А Иван размеренно и сильно начал бичевать пол и соседнюю скамью концами порванной цепи, от которой так и отлетали звенья, и с трудом заговорил:
— Всех изымать! Перевязать! Заковать! А потом… потом… я скажу, что им сделать! Я…
— Осударь, тысяч с десяток смердов! Есть и с припасом. Секиры, вилы, топоры да и пищали, гляди. Всех не перевяжешь! Как на грех, полка-двух у нас тут на Воробьевых не соберется. Не ждали дела такого! Не сдогадалися.
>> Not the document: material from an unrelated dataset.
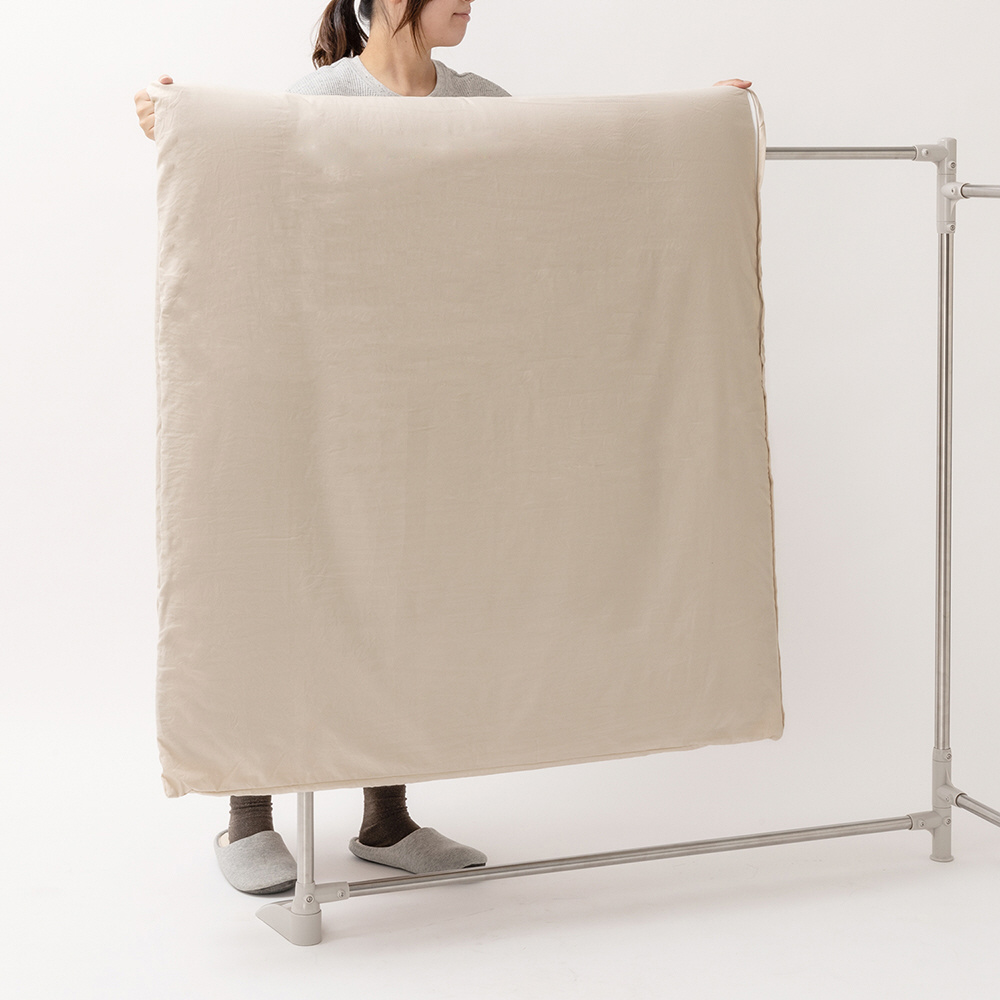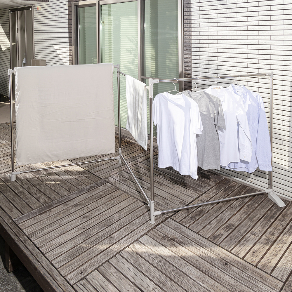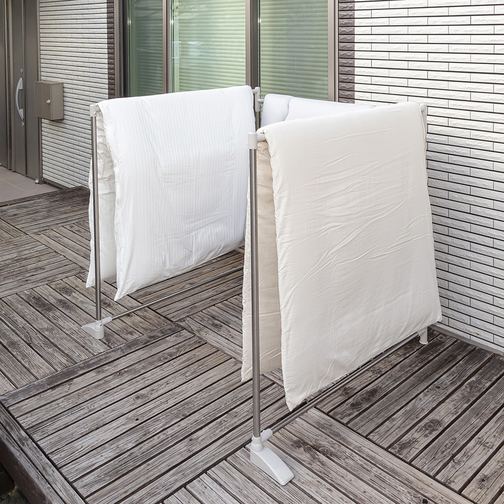便利な折りたたみ式の布団干し。日当たり・風通し・設置スペースに合わせて形を自在に変えられます。

— Не сдогадалися? Стрельцов мало? Меня с больным подружием смердам предали, подлые. А?! Настя-то!.. С ей што будет?..
И, выронив цепь, Иван даже лицо закрыл руками от ужаса перед картиной того, что будет с любимой его женою…
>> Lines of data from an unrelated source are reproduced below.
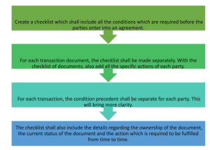 A checklist of condition precedent conditions is always beneficial. A foresight regarding the requirement of a particular transaction will help to reduce the time wasted otherwise to collect all documents. The CP checklist is also important so that the parties before entering into a contract can verify the documents peacefully. This condition precedent can also reduce the dispute which might have arisen. So before entering into a contract, have conditions precedent set which will essentially set the transaction goes on at ease.
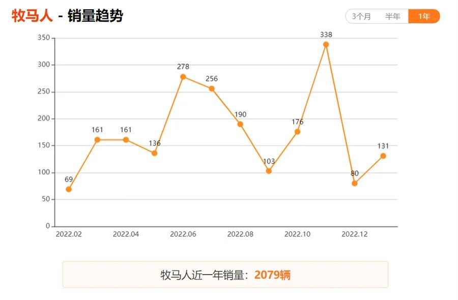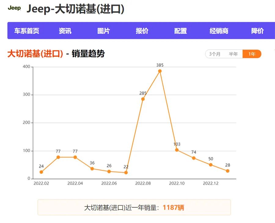 众车网数据显示,牧马人车型近一年(2022年2月—2023年1月)销量仅为2019辆,其销量巅峰在2022年11月,当月销量338辆,紧接着12月销量跌至80辆,今年1月销量也仅回升至131辆;大切诺基车型近一年销量则仅为1187辆,销量巅峰在2022年9月,当月销量385辆,紧接着则是一路下滑,直至今年1月已经跌至28辆。
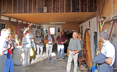Rund 30 Personen folgten der Einladung und trafen sich direkt bei der Familie Gschwind an der Birkenstrasse in Therwil. Nach der Begrüssung und der spannenden Einleitung von Stephan Gschwind durften wir auch schon zum ersten Mal den köstlichen Wein degustieren. Danach zeigte uns David Gschwind, welcher den Betrieb in naher Zukunft übernehmen wird, den Weinkeller. Im Keller konnten wir die vielen verschiedenen Weinfässer bestaunen und auch die neue Etikettiermaschine kam zum Einsatz. Danach durften wir noch einiges über den Betrieb erfahren, wie gross der Betrieb ist, welche Weinsorten angebaut werden und natürlich die unterschiedlichen Ansichten über den idealen Verschluss einer Weinflasche.
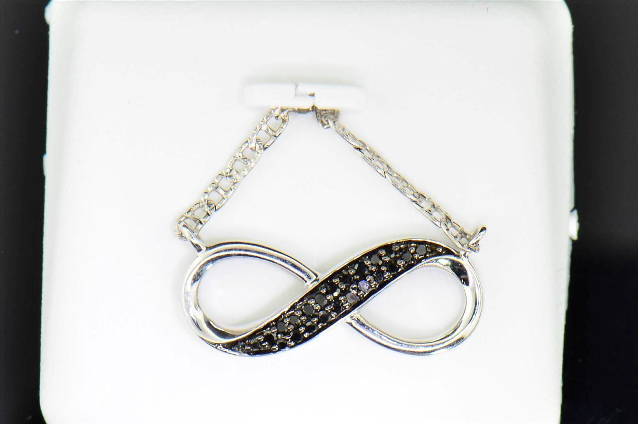 - Black Diamond Infinity Pendant .925 Sterling Silver .15 Ct Charm Necklace

— Осударь, не печалуйся! Все уладим. Тебя и осударыню-царицу в жисть не выдадим! Сами сгибнем, а вас и коснуться не посмеет нихто. Воротынский, Вельский… Я им уже сказывал. Они ли, энти воеводы, за тебя ль не постоят? Отборные люди у нас. Один десятерых стоит. Все ладно будет. А уж ежели до зарезу придет, спаси Бог! Уйдем невредимы. Знаешь ли, до самой реки и под рекой дале — ходы тут прорыты. Тайники есть… Все укроемся!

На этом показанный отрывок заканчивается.